A recent article by Phileas Jusu, director of communications for the Sierra Leone Conference of the United Methodist Church, highlighted conversations held recently in Sierra Leone between an Operation Classroom fact-finding team and various Sierra Leone United Methodists around the concept of developing an “Enterprise Academy” at Taiama in up-country Sierra Leone, near Njala University.
There’s no need to repeat what Phileas reported on – he did a great job of covering the conversations.
But the question can be legitimately asked “Why is Operation Classroom striking out in a new direction? Why not just do what you’ve always done?”
- Part of the answer is that we’ve been challenged by our Sierra Leone partners to think differently and come up with ways to solve the problems of poverty in the developing world differently.
- And, a number of recent critiques of the way we do Christian mission (“When Helping Hurts,” “Toxic Charity,” “Dead Aid” and others) have caused us to take a hard look at the way we’ve engaged in mission. (Note: These are all positive critiques focused on helping us understand how to be engaged in more effective ways.) There was nothing wrong with what Operation Classroom has been engaged doing and lots of good things have come from that work. But if we wanted to be truly effective, we needed to take a hard look at what we were engaged in doing.
- Finally, every organization periodically must reinvent itself. The world changes. Situations change. Funding streams change. Markets change. People change. Churches change. And, as we’ve already indicated, our understanding of how to do “effective” mission has changed.
One thing that hasn’t changed is Operation Classroom’s mission. For nearly 30 years, Operation Classroom’s primary mission has been “To Partner with the United Methodist Church in Liberia and Sierra Leone to Improve Education.” And the need is just a great today as it was 30 years ago. But it had become clear that how we responded to that need had to change for two reasons:
- First, it wasn’t enough to just build schools, provide scholarships, and send supplies. Those were all good things, but they weren’t “game-changers.”

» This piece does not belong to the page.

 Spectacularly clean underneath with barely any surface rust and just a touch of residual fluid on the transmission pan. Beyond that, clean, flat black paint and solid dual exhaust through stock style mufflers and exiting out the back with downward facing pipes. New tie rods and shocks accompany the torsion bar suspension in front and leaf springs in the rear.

- Second, Operation Classroom needed to find a way to energize churches back here in the U.S. (primarily Indiana.) Like it or not, we have to understand that there is enormous competition for “giving” dollars today. Donors want to know what they are giving to, and they want to know that there is real and lasting impact from their donation.
Operation Classroom’s mission hadn’t changed – but we realized that we needed to be much more focused at where we were going and what we were trying to do. Thus, at the 2015 Operation Classroom Strategic Summit in early October, the Board of Directors adopted a vision statement to provide that focus: “To See Lives Changed, Vocations Inspired, Leadership Empowered, and Hope Realized – for the Advancement of God’s Kingdom in the World.”

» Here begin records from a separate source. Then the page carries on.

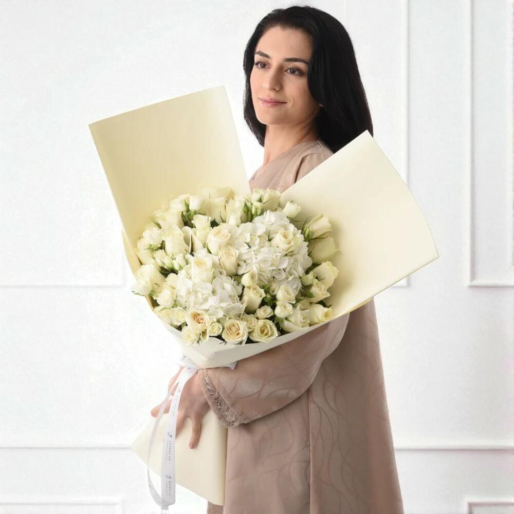 Отпразднуйте самые важные моменты жизни с букетом жемчужно-белых роз – захватывающей дух композицией, излучающей изящество, чистоту и элегантность. Этот букет ручной работы, состоящий из роскошного сочетания белоснежных роз, кустовых роз и пышных белых гортензий, станет лучшим выражением любви, восхищения и утонченной изысканности. Отмечаете ли вы день рождения, годовщину, помолвку или поздравляете кого-то, этот белоснежный цветочный шедевр произведет идеальное впечатление – непринужденно шикарный и бесконечно прекрасный. Инструкция по уходу Чтобы букет дольше оставался свежим, как можно скорее поместите его в чистую воду комнатной температуры. Перед тем, как поставить букет в вазу, обрежьте стебли на 1–2 см под углом 45°. Меняйте воду каждые 1–2 дня и держите букет вдали от прямых солнечных лучей, источников отопления и вентиляторов. Удалите увядшие цветы, чтобы сохранить красоту и свежесть остальных.
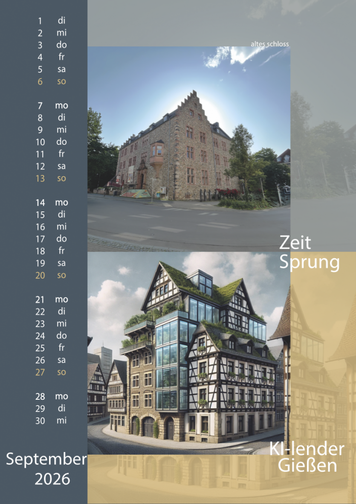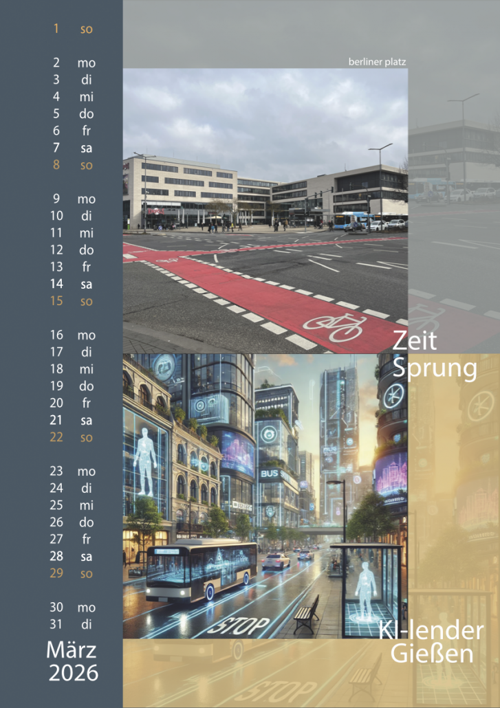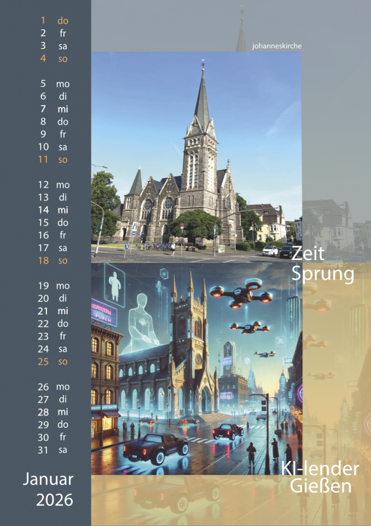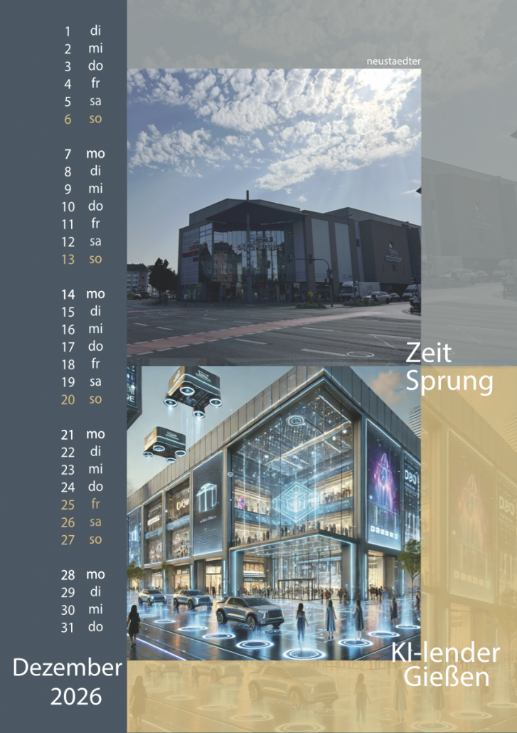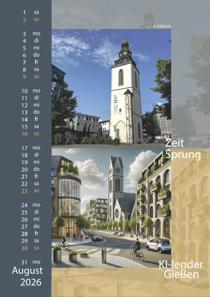 Für den neuen Kalender haben sich die Schülerinnen und Schüler der ehemaligen Klasse 9 (Schuljahr 2024/2025) unter der Leitung von Frau Bender und Frau Thiel für einen Zeitsprung in das Gießen der Zukunft entschieden. Sie haben dafür in Gießen wichtige Gebäude und Monumente fotografiert und diese mithilfe von KI umgestalten lassen. Dadurch ist eine interessante Gegenüberstellung entstanden. Ob es wirklich einmal so aussehen wird?! Wir sind gespannt.
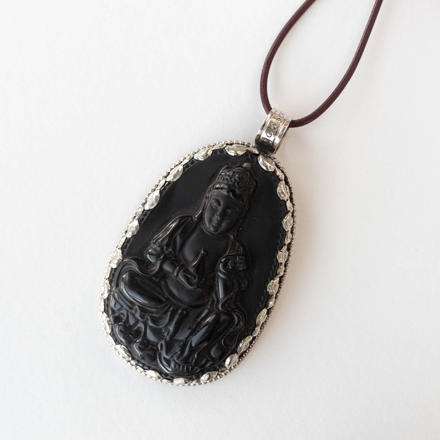 65mm Sitting Buddha Pendant - Black Matte Obsidian set in Tibetan Silver - 1 piece
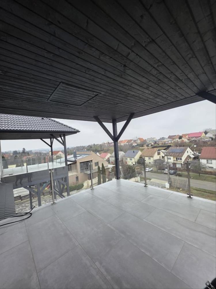 Emelet: 4 hálószoba, egy nagy méretű szobából nyíló 20 m²-es, üvegkorlátos panorámaterasz, továbbá egy tágas fürdőszoba.

Maybe the most important part of that vision is understanding that this needs to happen on both sides of the partnership. It’s not sufficient that it just happens in West Africa – it needs to happen in the U.S. as well.
- If we are truly engaged in doing God’s work through this ministry, then we need to see lives changed in both West Africa and in Indiana.
- If we are being faithful to God’s call on our lives, then vocations should be inspired not just on the African continent, but on the North American continent as well.
- If what is happening is by the Holy Spirit, then leadership needs be empowered in churches on both sides of the pond.
Thanks to our partners in Sierra Leone, and thanks to all kinds of folks here in the U.S., we think that what is being envisioned with the Enterprise Academy really does have the chance to “Change the face of a nation,” in the words of a Sierra Leonean attendee at the Taiama Enterprise Academy stakeholders meeting.) But it won’t be easy. It’s going to take the support of a lot of churches and individuals here in Indiana. And more than anything, it will take the dedication, passion, and expertise of our partners in Sierra Leone.
Bob Coolman is president and CEO of Operation Classroom.